DNA by its nature we know is still a very complex study. Another startling discovery has been made by researchers as they have found clues about aging from chromosome caps. Chronic pain and anxiety may prematurely age our DNA. When we think of the DNA that makes up our chromosomes, we usually focus on our genes.
But at the end of every chromosome in our body lies a long chain of repetitive DNA called a telomere, which acts as a protective cap. As we age, these caps get shorter. Now studies find that chronic pain and phobic anxiety are linked with shorter telomeres, which suggests that sufferers of these ailments may be aging prematurely and points to ways to reverse that process.
Time naturally shortens telomeres because whenever a cell divides, a portion of the telomere is not replicated. But telomere length can be reduced by other stressors, too, including depression, trauma and obesity. A recent Harvard University study adds anxiety to the list. People with high phobic anxiety, such as that characteristic of panic disorder and agoraphobia, had shorter telomeres, according to the paper published in PLOS ONE. Shortened telomeres have been observed in several types of cancer, coronary heart disease, hypertension, diabetes and arthritis. Thus, telomeres offer insights into an individual’s cumulative exposure to and ability to cope with stress—a measure of biological rather than chronological age, says Afton Hassett, a principal investigator at the University of Michigan’s Chronic Pain and Fatigue.

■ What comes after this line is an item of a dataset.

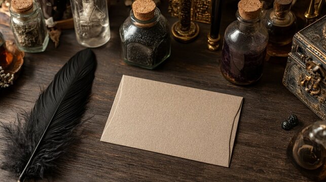 Vintage apothecary scene with blank kraft paper card, dark feather, and antique glass bottles creating a mysterious alchemical workspace atmosphere

According to Hassett, Accelerated telomere shortening can signal vulnerability to disease, premature aging or even death In a study co-authored by Hassett that appeared in the October 2012 issue of the Journal of Pain, higher levels of chronic pain in women with fibromyalgia were strongly associated with shortened telomeres. In addition, participants with shorter telomeres had increased pain sensitivity and decreased gray matter volume in pain-processing areas of the brain. Fibromyalgia patients with high levels of both depression and pain had telomeres that looked approximately six years older than those of patients who had lower levels of depression and pain.
Researchers do not know whether the stress of living with chronic pain caused telomere shortening or whether telomere shortening, caused by other factors, made the participants more sensitive to pain. “Our feeling is that both possibilities are likely at work,” Hassett says. “Either way, our findings suggest that chronic pain is a more serious condition than is often presumed, with consequences extending into health and longevity.”
This new fact still requires more deep study of DNA and we are sure more mysteries are sure to be resolved.